About cluster ports, hz instances don't see each other

31 views
Skip to first unread message

Joan Balagueró

unread,
Jun 16, 2023, 5:30:30 AM6/16/23
to Hazelcast
Hello,

Hazelcast 4.2.6.

We start a hazelcast instance programatically in this way (below just the network section):

cfg.getNetworkConfig().getJoin().getMulticastConfig().setEnabled(false);
cfg.getNetworkConfig().setPort(9975);
cfg.getNetworkConfig().setPortAutoIncrement(false);
cfg.getNetworkConfig().setReuseAddress(true);

This works perfectly in our test environment, but when we moved to live in Amazon the 3 instances didn't see each other. The 9975 is open and reachable by all the instances, but I get 3 clusters of 1 node instead of a 3-node cluster.

So the question is: must I open any other port in addition to the 9975?

And another question: do you any issue in having just one port open for communication between instances?

Thanks!

Joan.


Joan Balagueró

unread,
Jun 16, 2023, 5:44:26 AM6/16/23
to Hazelcast
Let me explain a bit more. There is no autodiscovery here, all the ec2 hostnames are on a mysql table, when a new hz instance starts it just reads all the hostnames on this table and add them as a cluster members.
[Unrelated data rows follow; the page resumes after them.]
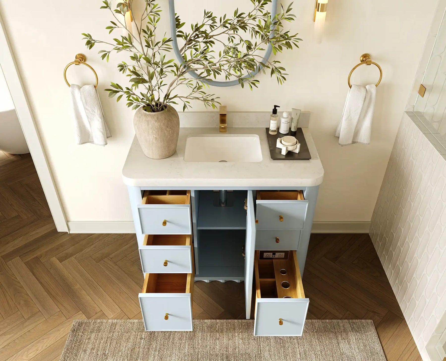 The Orlando Vanity features clean contemporary lines, natural wood-tone interiors, and smooth-glide joinery built for exceptional durability. Its rounded-edge countertop enhances comfort while adding a refined, high-end visual appeal. Gold hardware accents complete the sophisticated aesthetic, making this vanity a true statement piece in any bathroom setting.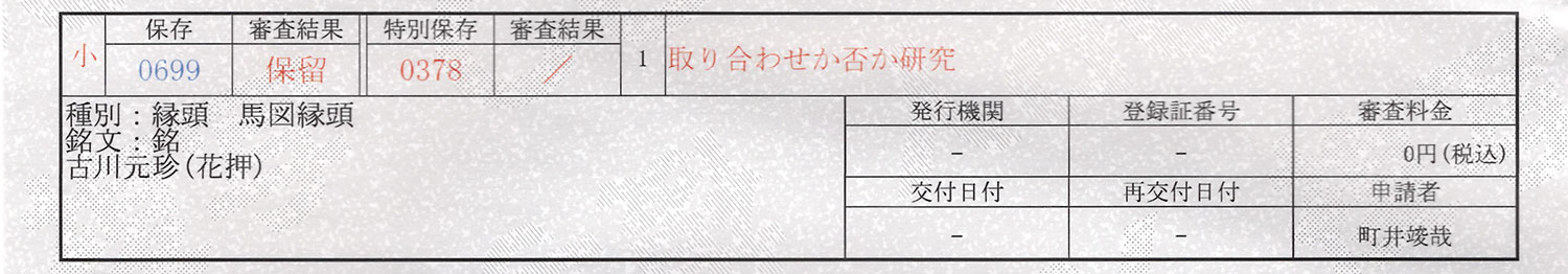 一方で日本美術刀剣保存協会の審査においては、銘は認められつつも「縁と頭の取り合わせに研究の余地あり」として保留となっています。仔細に観察すると、縁と頭で鬣(たてがみ)の鏨遣い・彫り表現に差異が見られ、この点が取り合わせへの疑義を招いたものと考えられます。これは同一作者による一揃えでない可能性、あるいは後補・組合せの可能性を示唆する所見となります。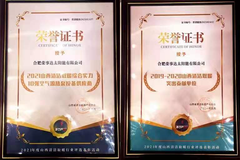 5月14-15日,2021山西清潔取暖技術(shù)與市場(chǎng)高質(zhì)量發(fā)展大會(huì )在太原舉行,榮事達空氣能受邀出席,榮獲“2021山西清潔取暖綜合實(shí)力10強空氣源熱泵設備供應商”和“2019-2020山西清潔取暖突出貢獻單位”雙項榮譽(yù)。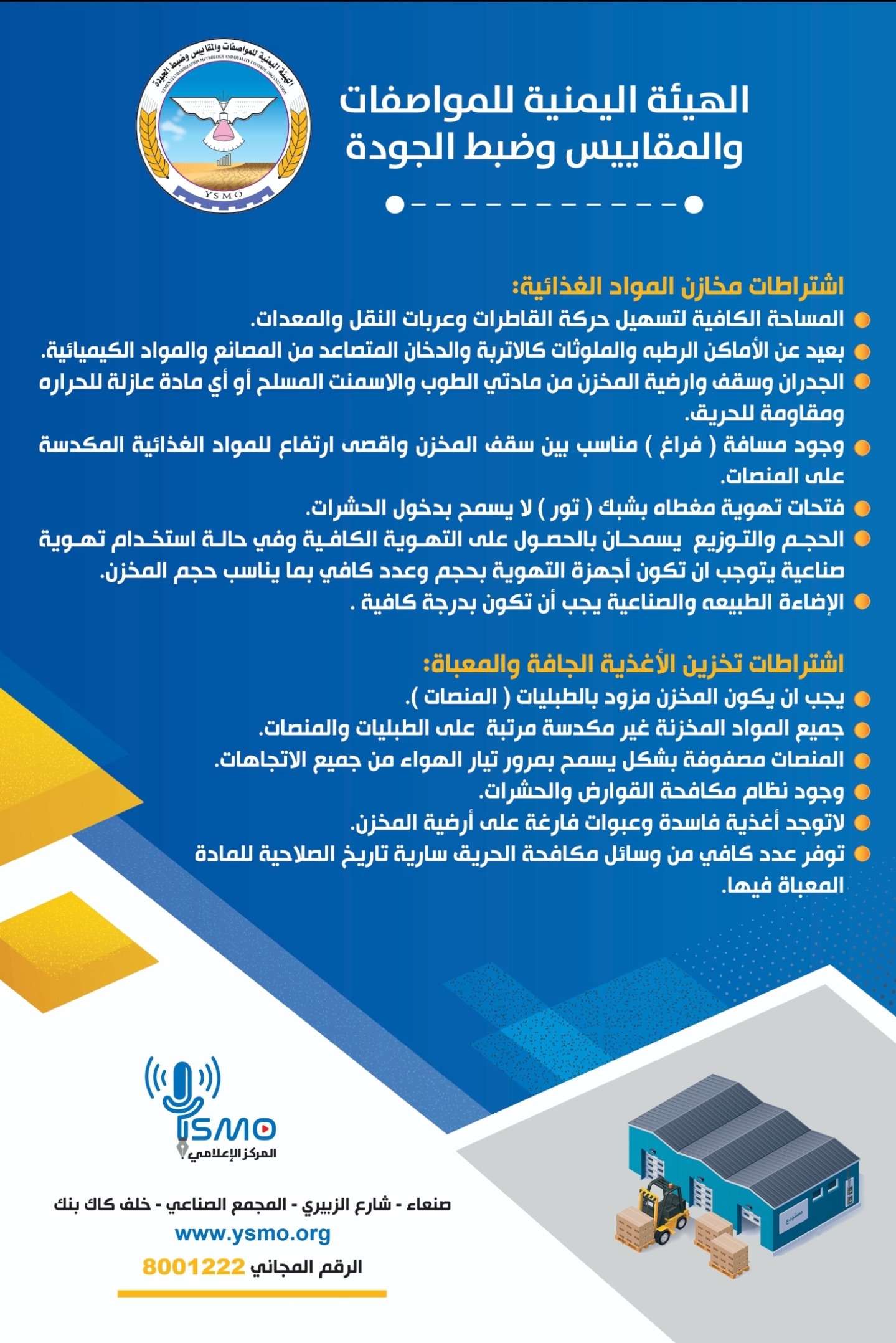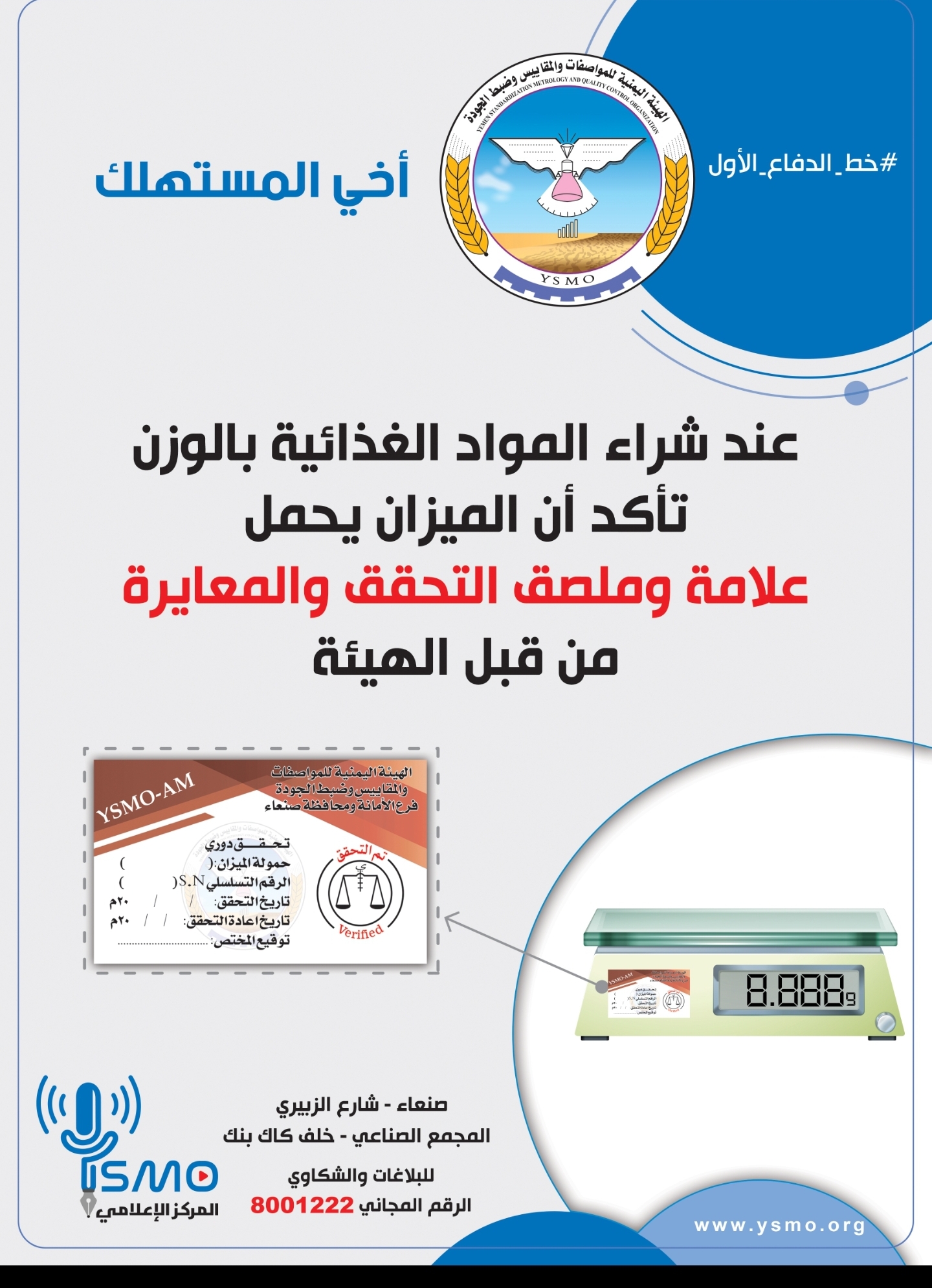 صنعاء. 21 رمضان 1445ه.الموافق 31 مارس 2024م تنفيذا لتوجيهات مدير عام الهيئة التنفيذي أ / سام أحمد البشيري نفذت الهيئة اليمنية للمواصفات والمقاييس وضبط الجودة برنامج حملة المسح الميدانى للرقابة والتفتيش والتوعية على السلع والمواد الاستهلاكية في المحلات والمخازن التجارية في امانة العاصمةصنعاء والمحافظات. وأوضح مدير عام الهيئة سام أحمد البشيري ان النزول الذي تنفذه لجان رئيسة وفرعية بأمانة العاصمة والمحافظات في اطار خطة الهيئة لتفعيل الرقابة على محلات الجملة ومخازن المستوردين للمنتجات الاستهلاكية والتأكد من تطبيق الاشتراطات الخاصة بأساليب العرض والتخزين للمواد والسلع الغذائية، وضمان عرضها وتخزينها بطرق آمنة وصحيحة وفقا لاشتراطات المواصفات القياسية المعتمده. وأشار إلى أن النزول الذي سيتم تنفيذه على مدى عشرة ايام يتضمن ايضا الجانب التوعوي وذلك من خلال توزيع اللوحات الإرشادية والتوعوية الخاصة باشتراطات مخازن المواد الغذائية وتخزين الأغذية الجافة والمعباة وغيرها من الرسائل التوعوية والتثقيفية الهادفة إلى رفع مستوى الوعي بأهمية تطبيق اشتراطات المواصفات القياسية لدى التاجر والمستورد وتعزيزالثقافةالاستهلاكيةلدى المستهلك. وشدد على أهمية مضاعفة الجهود من قبل فرق النزول الميدانية بما ينعكس على نجاح الحمله وتحقيق أهدافها المتمثلة بحماية المستهلك من أساليب التلاعب والغش . ________________________ للشكاوي والبلاغات الاتصال على الرقم المجاني 8001222 للاشتراك ف بصفحاتنا الرسمية على منصات التواصل الاجتماعي والموقع الرسمي الإلكتروني: ??الموقع الرسمي ysmo.org ??تويتر: twitter.com/YSMOORG ??اليوتيوب : youtube.com/@YsmoYemen ??الفيس بوك: fb.me/YSMO.ORG ??تيليجرام:t.me/ysmo1 _________________________________ #خط_الدفاع_الاول الهيئة اليمنية للمواصفات والمقاييس وضبط الجودة

This is the code (the variable 'this.nodes' contains the list of hostnames):

 private void addMembers(Config cfg)
 {
  ArrayList<String> arrHosts = new ArrayList<>();
 
  for (dtoNode node: this.nodes) {
  arrHosts.add(node.getIPAddressFromHostname());
  }
 
  TcpIpConfig tcpconfig = cfg.getNetworkConfig().getJoin().getTcpIpConfig();
  tcpconfig.setEnabled(true);
  tcpconfig.setMembers(arrHosts);
 
  InterfacesConfig ic = cfg.getNetworkConfig().getInterfaces();
  ic.setEnabled(true);
  ic.setInterfaces(arrHosts);
 }

Josef Cacek

unread,
Jun 16, 2023, 10:43:46 AM6/16/23
to haze...@googlegroups.com
Hi Joan,

I don't see the custom port used in the code "arrHosts.add(node.getIPAddressFromHostname());"
Shouldn't it be rather the arrHosts.add(node.getIPAddressFromHostname() + ":9975");

If the port is not provided for the member address (in the tcp-ip discovery), then three default ports are tried (5701, 5702, 5703).

Regards,
-- Josef

--
You received this message because you are subscribed to the Google Groups "Hazelcast" group.
To unsubscribe from this group and stop receiving emails from it, send an email to hazelcast+...@googlegroups.com.
To view this discussion on the web visit https://groups.google.com/d/msgid/hazelcast/c07d41b6-81e8-445c-b066-96ed59e41057n%40googlegroups.com.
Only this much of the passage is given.